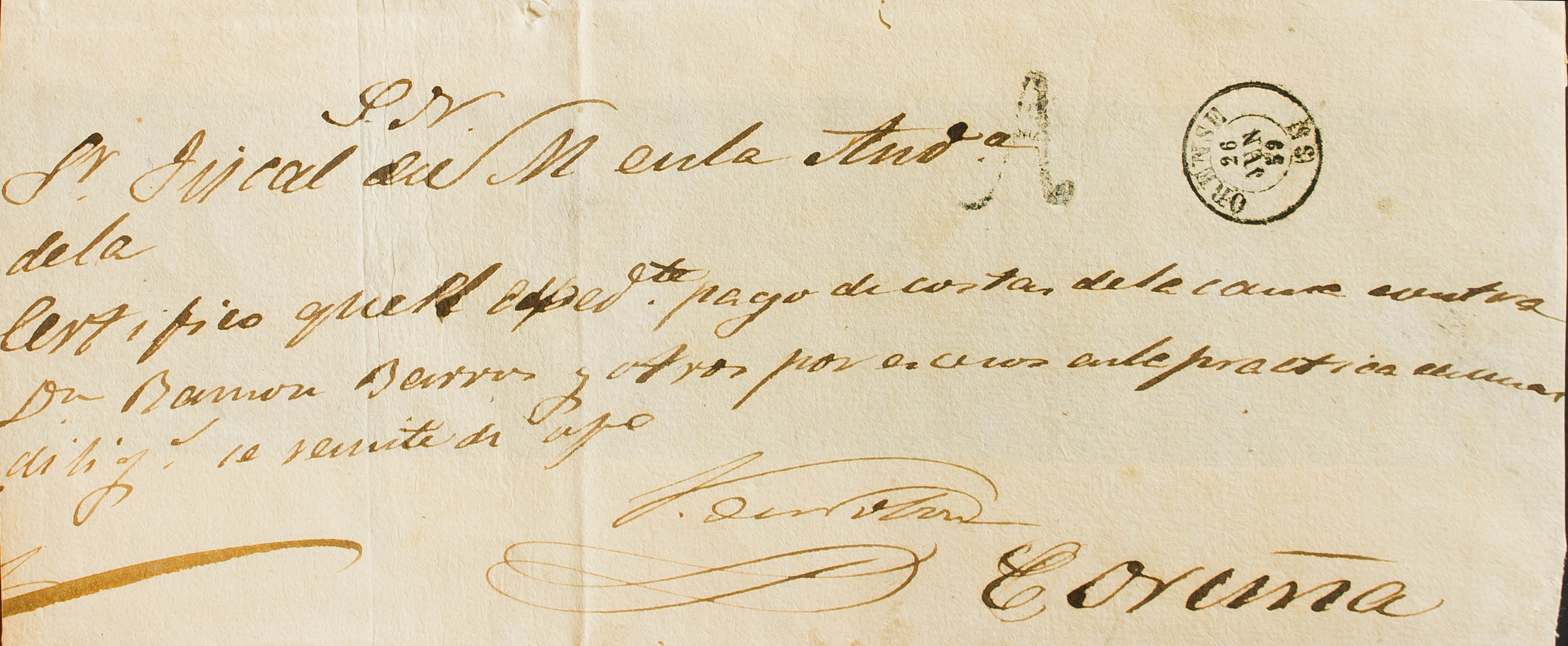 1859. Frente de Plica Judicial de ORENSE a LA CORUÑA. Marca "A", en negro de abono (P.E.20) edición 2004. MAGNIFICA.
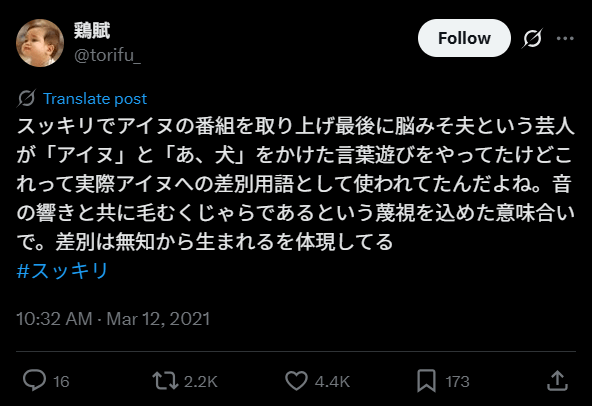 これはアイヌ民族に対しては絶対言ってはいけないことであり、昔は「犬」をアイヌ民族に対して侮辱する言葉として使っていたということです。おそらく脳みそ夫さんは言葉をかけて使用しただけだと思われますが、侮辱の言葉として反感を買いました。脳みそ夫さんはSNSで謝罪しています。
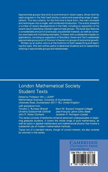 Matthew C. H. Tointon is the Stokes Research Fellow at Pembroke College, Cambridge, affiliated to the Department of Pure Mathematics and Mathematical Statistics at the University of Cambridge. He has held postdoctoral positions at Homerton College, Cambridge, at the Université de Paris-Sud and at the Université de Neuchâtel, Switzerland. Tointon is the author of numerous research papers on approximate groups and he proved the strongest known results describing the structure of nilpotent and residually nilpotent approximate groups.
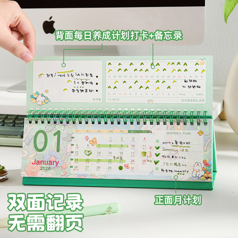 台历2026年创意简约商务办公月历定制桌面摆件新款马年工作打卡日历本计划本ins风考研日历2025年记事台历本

...

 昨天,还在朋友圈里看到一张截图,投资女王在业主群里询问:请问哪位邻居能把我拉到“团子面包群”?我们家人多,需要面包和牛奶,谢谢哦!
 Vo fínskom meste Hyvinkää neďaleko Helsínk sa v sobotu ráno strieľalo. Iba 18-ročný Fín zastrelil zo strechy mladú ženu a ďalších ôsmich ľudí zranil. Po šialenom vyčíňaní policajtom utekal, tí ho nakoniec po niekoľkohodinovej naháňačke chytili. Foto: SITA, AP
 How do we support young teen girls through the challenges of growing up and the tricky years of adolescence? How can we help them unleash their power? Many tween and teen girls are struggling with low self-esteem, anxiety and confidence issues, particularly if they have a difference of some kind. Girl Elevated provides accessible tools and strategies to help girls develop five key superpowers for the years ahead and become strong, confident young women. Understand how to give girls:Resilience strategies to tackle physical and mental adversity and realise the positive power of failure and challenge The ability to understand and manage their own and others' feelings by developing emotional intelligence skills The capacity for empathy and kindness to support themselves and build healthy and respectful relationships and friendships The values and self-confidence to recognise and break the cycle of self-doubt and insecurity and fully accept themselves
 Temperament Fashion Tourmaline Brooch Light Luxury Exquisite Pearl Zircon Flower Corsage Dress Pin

■ **Problem**:
Make an exact copy of the lines above, beginning with the line with "1859. Frente de" and ending with the line with "これはアイヌ民族に対しては絶", and keep the pictures out of it.

■ **Output below**:
 1859. Frente de Plica Judicial de ORENSE a LA CORUÑA. Marca "A", en negro de abono (P.E.20) edición 2004. MAGNIFICA.
 これはアイヌ民族に対しては絶対言ってはいけないことであり、昔は「犬」をアイヌ民族に対して侮辱する言葉として使っていたということです。おそらく脳みそ夫さんは言葉をかけて使用しただけだと思われますが、侮辱の言葉として反感を買いました。脳みそ夫さんはSNSで謝罪しています。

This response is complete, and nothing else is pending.